In the postwar years, when Buber was chastised sharply by other Jewish thinkers for his idealistic view of the violence of war, his thinking changed in three ways. From 1916 on, Mendes-Flohr notes, Buber consistently opposed war and nationalism, reevaluated the function and meaning of individual experience, and shifted the center of his concept of close-community from an individual’s consciousness to interpersonal relations. These new principles led directly to the writing of I and Thou in 1923.

 Buber was a complex, controversial, and beloved thinker. He was a philosopher, sensitive to the shape of the human spirit. He was a social thinker, engaged with the events of the first half of the twentieth century—especially with the seismic challenges faced by European Jews. He was a religious reformer who reached for the “primordial spiritual sensibility that had given rise to Jewish religiosity” but which then had been suffocated by industrial society and conventional religion.

Within his imagined primordial Jewish community, Buber identified the figure of Jesus as a representative Jew and his own “great brother.” Fruitful dialogue with leading Protestant theologians followed. Buber believed there was a stark contrast between the Jewishness of Jesus and the theological designs of the apostle Paul. In Two Types of Faith he distinguished the biblical, this-worldly, creation-based faith of Jesus from the otherworldly, gnostic-washed faith of Paul. Buber believed that Paul’s theological ideas discredited the Hebrew Bible, thereby adding fuel to fires of anti-Semitism.

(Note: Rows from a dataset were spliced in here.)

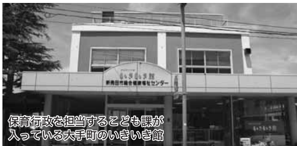
保育行政を担当するこども課が入っている大手町のいきいき館

答 ①6月1日現在、待機児童はゼロ歳児1名、1歳児2名。国は現行制度拡充を検討するが、待機児童などの課題が整理されると考える。②同法第24条の改正案によれば市町村は保育の必要をすべての子どもに必要な措置を講じなければならぬので、保育園の入園はこれまでどおり利用調整を行いたい。③株式会社等が参入する場合は、市独自の基準を定め対応したい。
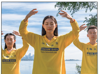
第二套功法-法轮桩法
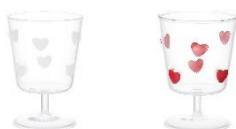
【商品名】ドットハートゴブレット 【種類】ホワイト/レッド 【価格】各 1,800 円
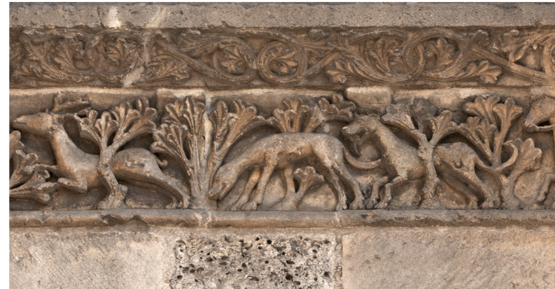
Représentation du cerf au Moyen-Âge.

Avant de l'utiliser, il faut néanmoins le récupérer. Comme dit précédemment, le bois animal est caduc, et son approvisionnement diverge de l'os dans ce sens. En effet, les populations peuvent le récolter soit par la chasse – il est appelé bois de massacre –, soit par le ramassage – il est alors appelé bois de mue. Pour les périodes médiévales, la faible proportion d'espèces sauvages par rapport aux espèces domestiques
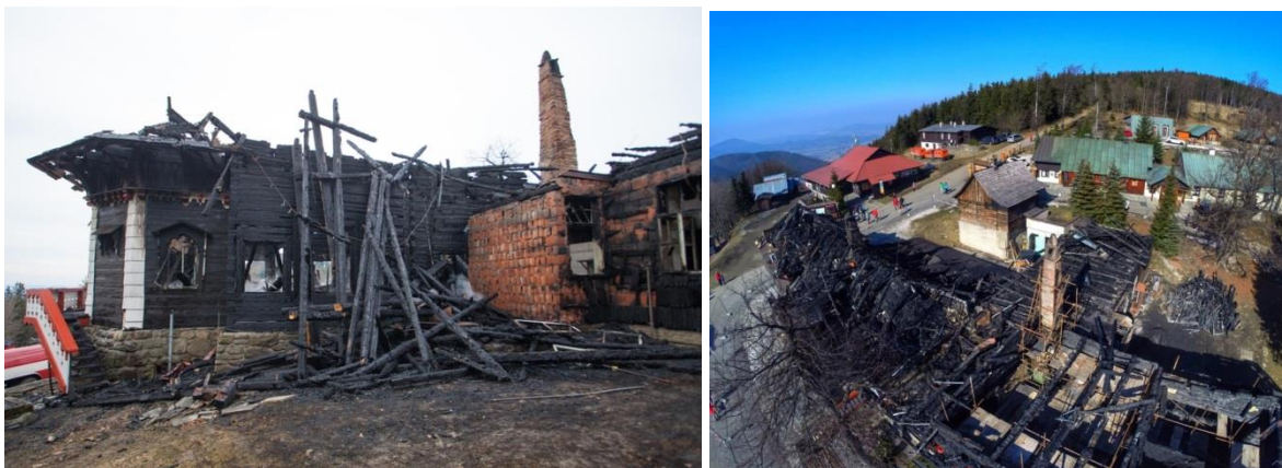
Požiar chaty, ktorého príčinou bolo komínové teleso
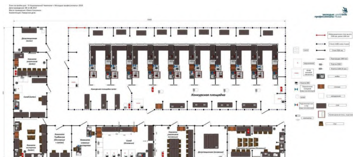
Схема конкурсной площадки (см. иллюстрацию).

Even beyond this concern, Buber thought that Paul’s letters eroded the foundation of Western culture by relying on the Greek notion of wisdom rather than on the biblical concept of creation.

At home in Jerusalem, on his eightieth birthday, Buber received a note from an admirer who imagined a flood of well-wishers streaming to the philosopher’s home, “a vast procession of young people—Jews, Christians, Muslims, Bud­dhists, heathens. Everyone has a letter addressed to Martin Buber in his hand, on which is written in large letters: ‘Thanks, Health, Love, Peace, Humanity.’”

Jeffrey Johnson

Jeffrey Johnson is pastor at Peace Lutheran Church in Wayland, Massachusetts, and editor of Stars Shall Bend Their Voices: Poets’ Favorite Hymns and Spiritual Songs, published by Orison Books.